Dos jovens entrevistados, o maior nível de instrução é o ensino médio

completo, quando a metade dos entrevistados não concluiu o ensino fundamental, tendo

abandonado os estudos. Todos pertencem aos segmentos populares de renda, exercem

atividades de trabalho como metalúrgico, motorista, mecânico, ajudante de pedreiro etc.

Um deles trabalha com design de serigrafia. Provêm de famílias onde o pai e a mãe

exercem profissões de similar inserção, como pintor, costureira, borracheiro, pedreiro,

eletricista, vendedora autônoma etc.
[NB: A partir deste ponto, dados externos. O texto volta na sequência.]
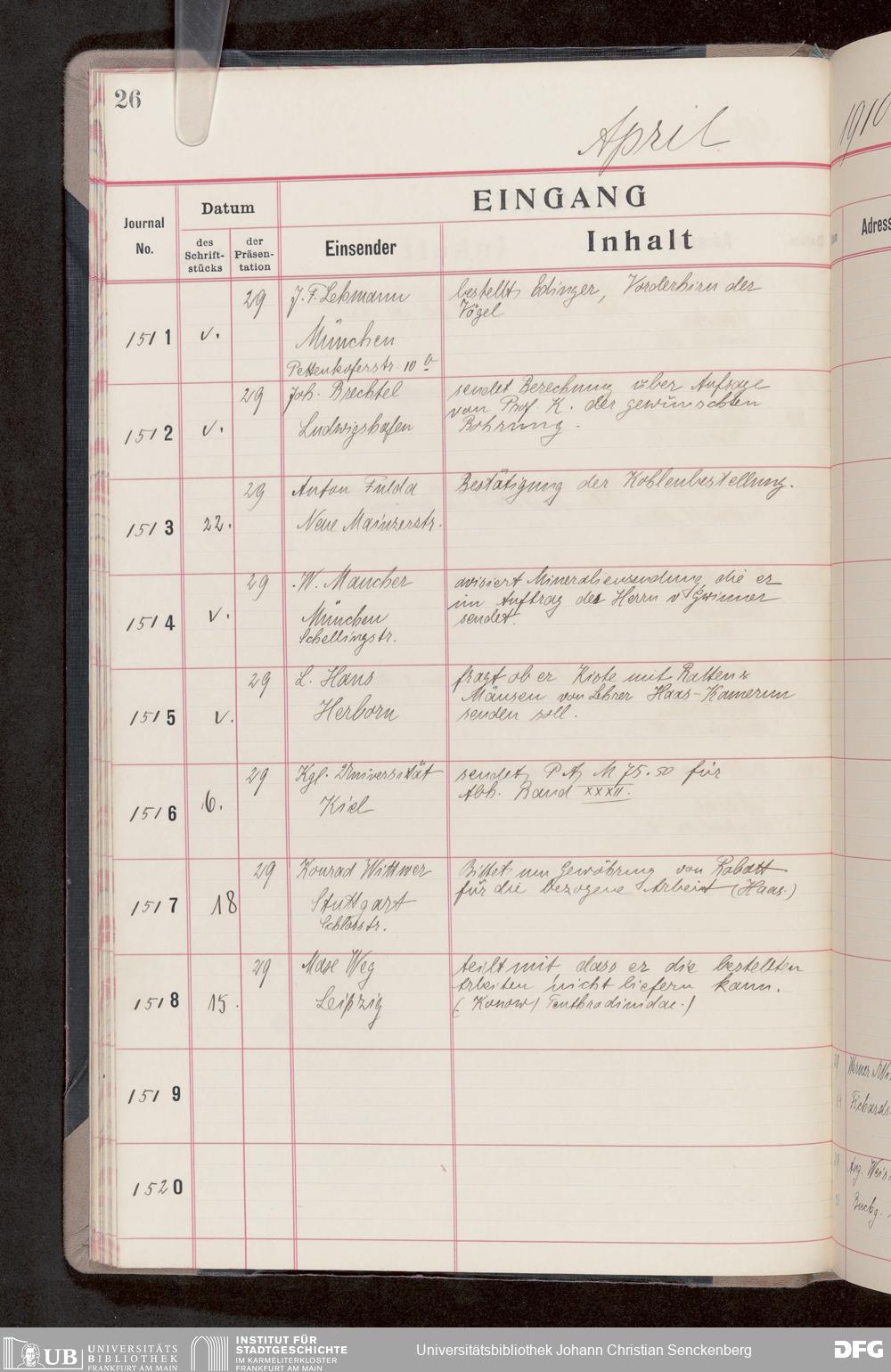 V176 Senckenberg Gesellschaft für Naturforschung, 682 - Journal der eingegangenen und ausgegangenen Briefe

Esse perfil implica em maiores dificuldades a

enfrentar em relação à escolha do BMX:

...é, o cara quer andar, [de bicicleta] sem trabalhar não dá, né, porque as peças são caras... que, no mínimo, pra montar uma bicicleta gasta um mil, dois mil reais. E tem que trabalhar e estudar e, no caso, se eu tivesse mais tempo de andar, no caso, se eu não trabalhasse, eu acredito que eu era melhor. Eu acredito que eu era melhor assim, eu desenvolvia mais manobra, mas como eu trabalho durante a semana, só posso andar no domingo e no sábado pela tarde. (Piloto 3).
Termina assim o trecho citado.